▸ What is expected
Leave out all pictures while repeating the records exactly and completely.

........

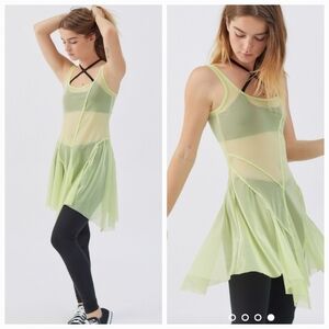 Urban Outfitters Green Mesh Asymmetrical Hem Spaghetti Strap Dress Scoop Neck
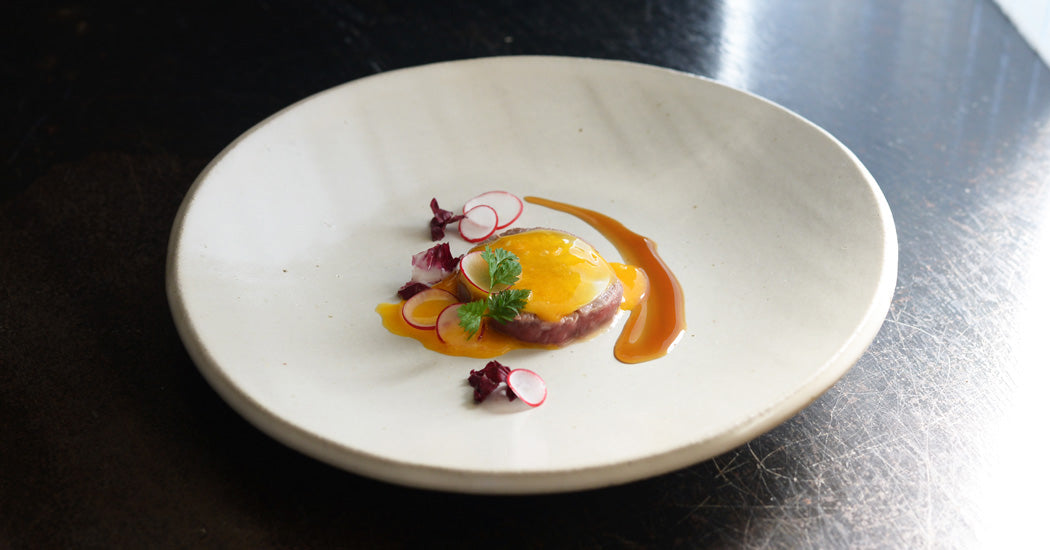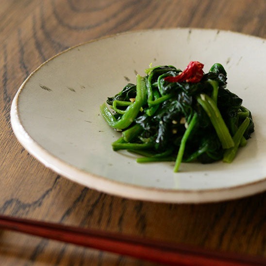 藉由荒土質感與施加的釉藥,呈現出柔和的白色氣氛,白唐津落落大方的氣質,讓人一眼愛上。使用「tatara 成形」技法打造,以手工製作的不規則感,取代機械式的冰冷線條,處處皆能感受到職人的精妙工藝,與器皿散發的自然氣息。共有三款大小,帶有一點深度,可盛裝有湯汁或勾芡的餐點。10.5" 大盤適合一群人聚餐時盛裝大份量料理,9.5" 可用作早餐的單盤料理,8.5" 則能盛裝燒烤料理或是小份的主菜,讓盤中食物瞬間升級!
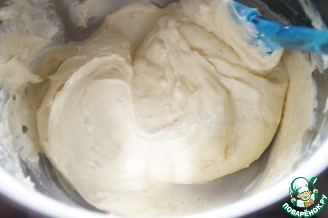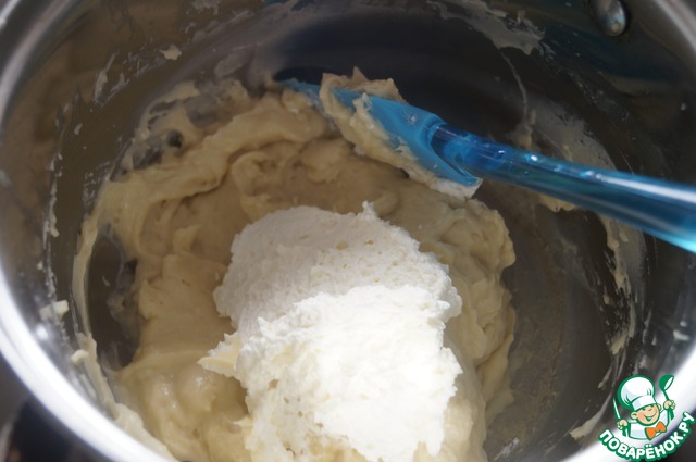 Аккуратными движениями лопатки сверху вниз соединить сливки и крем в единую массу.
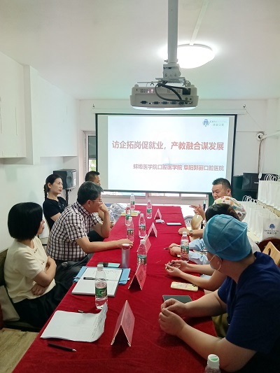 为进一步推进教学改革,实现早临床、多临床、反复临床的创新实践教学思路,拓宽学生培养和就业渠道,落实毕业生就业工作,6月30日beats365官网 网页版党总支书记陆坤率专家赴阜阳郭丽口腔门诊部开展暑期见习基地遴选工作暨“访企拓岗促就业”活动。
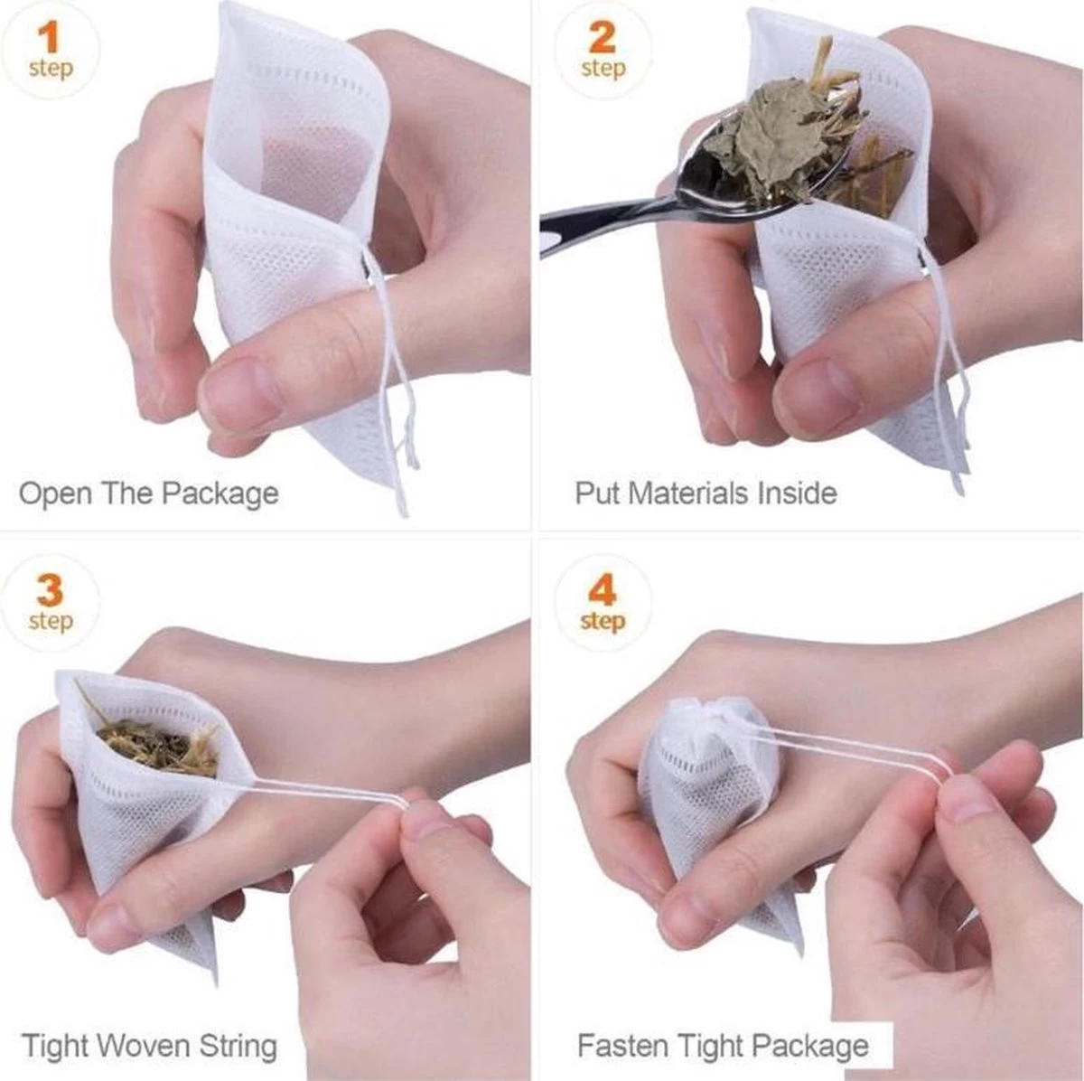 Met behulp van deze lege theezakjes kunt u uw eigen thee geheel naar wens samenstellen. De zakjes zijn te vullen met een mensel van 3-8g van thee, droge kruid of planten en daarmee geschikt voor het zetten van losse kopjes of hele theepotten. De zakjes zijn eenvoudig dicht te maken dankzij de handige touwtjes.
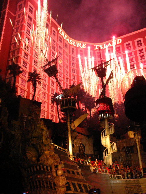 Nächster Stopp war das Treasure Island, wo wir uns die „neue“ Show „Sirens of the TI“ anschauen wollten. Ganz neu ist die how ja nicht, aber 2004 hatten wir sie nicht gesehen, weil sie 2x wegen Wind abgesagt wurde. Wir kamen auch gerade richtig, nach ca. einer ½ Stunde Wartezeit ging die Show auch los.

........

▸ Your response
 Urban Outfitters Green Mesh Asymmetrical Hem Spaghetti Strap Dress Scoop Neck
 藉由荒土質感與施加的釉藥,呈現出柔和的白色氣氛,白唐津落落大方的氣質,讓人一眼愛上。使用「tatara 成形」技法打造,以手工製作的不規則感,取代機械式的冰冷線條,處處皆能感受到職人的精妙工藝,與器皿散發的自然氣息。共有三款大小,帶有一點深度,可盛裝有湯汁或勾芡的餐點。10.5" 大盤適合一群人聚餐時盛裝大份量料理,9.5" 可用作早餐的單盤料理,8.5" 則能盛裝燒烤料理或是小份的主菜,讓盤中食物瞬間升級!
 Аккуратными движениями лопатки сверху вниз соединить сливки и крем в единую массу.
 为进一步推进教学改革,实现早临床、多临床、反复临床的创新实践教学思路,拓宽学生培养和就业渠道,落实毕业生就业工作,6月30日beats365官网 网页版党总支书记陆坤率专家赴阜阳郭丽口腔门诊部开展暑期见习基地遴选工作暨“访企拓岗促就业”活动。
 Met behulp van deze lege theezakjes kunt u uw eigen thee geheel naar wens samenstellen. De zakjes zijn te vullen met een mensel van 3-8g van thee, droge kruid of planten en daarmee geschikt voor het zetten van losse kopjes of hele theepotten. De zakjes zijn eenvoudig dicht te maken dankzij de handige touwtjes.
 Nächster Stopp war das Treasure Island, wo wir uns die „neue“ Show „Sirens of the TI“ anschauen wollten. Ganz neu ist die how ja nicht, aber 2004 hatten wir sie nicht gesehen, weil sie 2x wegen Wind abgesagt wurde. Wir kamen auch gerade richtig, nach ca. einer ½ Stunde Wartezeit ging die Show auch los.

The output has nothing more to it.